Using the DIPlib library (disclosure: I'm an author) you can apply the operation as follows (the median is not implemented). Other image processing libraries have similar functionality, though might not be as flexible with the number of channels.
import diplib as dip
# sample = imread(input_img)
# label_mask = np.load(input_mask)
# Alternative random data so that I can run the code for testing:
sample = imageio.imread("../images/trui_c.tif")
label_mask = np.random.randint(0, 20, sample.shape[:2], dtype=np.uint32)
sample = dip.Image(sample, tensor_axis=2)

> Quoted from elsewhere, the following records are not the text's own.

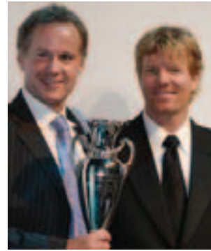
Patrick McEnroe received the 2008 William Johnston Award from Jim Courier
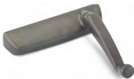
handles and covers sold separately see page I-6
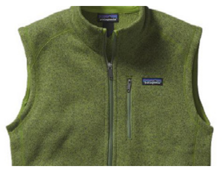
Patagonia® Men's Better Sweater® Fleece Vest Patagonia® Men's Better Sweater® Fleece Vest is made using bluesign® approved fabric and Fair Trade Certified™ sewing.
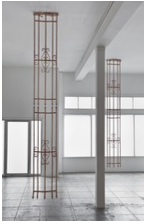
Kaari Upson Barrier Barrier , 2011 – 2018 Latex 141.5 x 24 x 2 in. Inv# 00000604
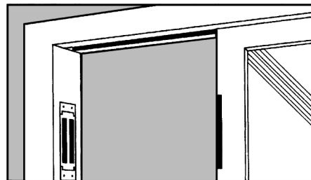
3750 Magnetic locks will secure sliding doors.
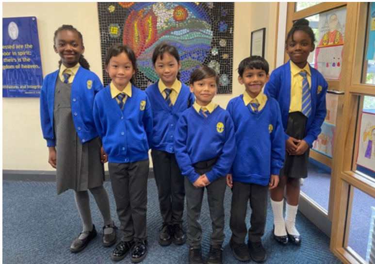
Winter Uniform – includes tie

As the mornings grow chillier and summer begins to feel like a distant memory, we kindly ask that all children now transition into their winter uniform. This includes a gold shirt or blouse, striped tie, royal blue sweatshirt or cardigan, and grey school trousers, skirt, or pinafore. Footwear should be plain black shoes—please note that trainers and boots are not permitted. We are incredibly proud of our school identity, and the winter uniform really helps our children look smart, confident, and ready to learn. If you need any support sourcing uniform items, please don't hesitate to contact the school office—we're here to help. A gentle reminder to ensure all uniform items are clearly labelled with your child's name. With school photos taking place on Thursday 16th October , it's important that all children are in full winter uniform by then. Children continue to wear their PE kits (where plain trainers are allowed) on their PE days.
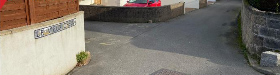
Le Vieux Chemin
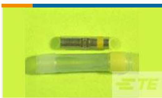
TE Model / Part # 650076-000 D-436-38
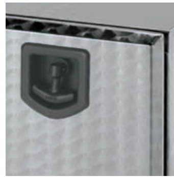
BAWER 40 with Europlex lock

msr = dip.MeasurementTool.Measure(label_mask, sample, features=["Mean", "StandardDeviation", "MinVal", "MaxVal"])
print(msr)
This prints out:
| Mean | StandardDeviation | MinVal | MaxVal |
-- | ------------------------------------ | ------------------------------------ | ------------------------------------ | ------------------------------------ |
| chan0 | chan1 | chan2 | chan0 | chan1 | chan2 | chan0 | chan1 | chan2 | chan0 | chan1 | chan2 |
| | | | | | | | | | | | |
-- | ---------- | ---------- | ---------- | ---------- | ---------- | ---------- | ---------- | ---------- | ---------- | ---------- | ---------- | ---------- |
1 | 82.26 | 41.30 | 24.77 | 57.77 | 52.16 | 48.22 | 5.000 | 3.000 | 1.000 | 255.0 | 255.0 | 255.0 |
2 | 82.02 | 41.18 | 24.85 | 52.16 | 48.22 | 48.33 | 3.000 | 1.000 | 1.000 | 255.0 | 255.0 | 255.0 |
3 | 82.39 | 41.17 | 24.93 | 48.22 | 48.33 | 48.48 | 1.000 | 1.000 | 1.000 | 255.0 | 255.0 | 255.0 |
4 | 82.14 | 41.62 | 25.03 | 48.33 | 48.48 | 48.47 | 1.000 | 1.000 | 0.000 | 255.0 | 255.0 | 255.0 |
5 | 82.89 | 41.45 | 24.94 | 48.48 | 48.47 | 48.54 | 1.000 | 0.000 | 1.000 | 255.0 | 255.0 | 255.0 |
6 | 82.83 | 41.60 | 25.26 | 48.47 | 48.54 | 48.65 | 0.000 | 1.000 | 1.000 | 255.0 | 255.0 | 255.0 |
7 | 81.95 | 41.77 | 25.51 | 48.54 | 48.65 | 48.22 | 1.000 | 1.000 | 2.000 | 255.0 | 255.0 | 255.0 |
8 | 82.93 | 41.36 | 25.19 | 48.65 | 48.22 | 48.11 | 1.000 | 2.000 | 1.000 | 255.0 | 255.0 | 255.0 |
9 | 81.88 | 41.70 | 25.07 | 48.22 | 48.11 | 47.69 | 2.000 | 1.000 | 1.000 | 255.0 | 255.0 | 255.0 |
10 | 81.46 | 41.40 | 24.82 | 48.11 | 47.69 | 48.32 | 1.000 | 1.000 | 2.000 | 255.0 | 255.0 | 255.0 |
11 | 81.33 | 40.98 | 24.76 | 47.69 | 48.32 | 48.85 | 1.000 | 2.000 | 1.000 | 255.0 | 255.0 | 255.0 |
12 | 82.30 | 41.55 | 25.12 | 48.32 | 48.85 | 48.75 | 2.000 | 1.000 | 1.000 | 255.0 | 255.0 | 255.0 |
13 | 82.43 | 41.50 | 25.15 | 48.85 | 48.75 | 48.89 | 1.000 | 1.000 | 1.000 | 255.0 | 255.0 | 255.0 |
14 | 83.29 | 42.11 | 25.65 | 48.75 | 48.89 | 48.32 | 1.000 | 1.000 | 1.000 | 255.0 | 255.0 | 255.0 |
15 | 83.20 | 41.64 | 25.28 | 48.89 | 48.32 | 48.13 | 1.000 | 1.000 | 1.000 | 255.0 | 255.0 | 255.0 |
16 | 81.51 | 40.92 | 24.76 | 48.32 | 48.13 | 48.73 | 1.000 | 1.000 | 1.000 | 255.0 | 255.0 | 255.0 |
17 | 81.81 | 41.31 | 24.71 | 48.13 | 48.73 | 48.49 | 1.000 | 1.000 | 0.000 | 255.0 | 255.0 | 255.0 |
18 | 83.58 | 41.85 | 25.25 | 48.73 | 48.49 | 32.20 | 1.000 | 0.000 | 1.000 | 255.0 | 255.0 | 212.0 |
19 | 82.12 | 41.24 | 25.06 | 48.49 | 32.20 | 24.44 | 0.000 | 1.000 | 1.000 | 255.0 | 212.0 | 145.0 |
I don't have an efficient solution for the median. You'd have to split the image into a separate array for each label, then run the median over that. This would be equally efficient as the above, but use up much more memory.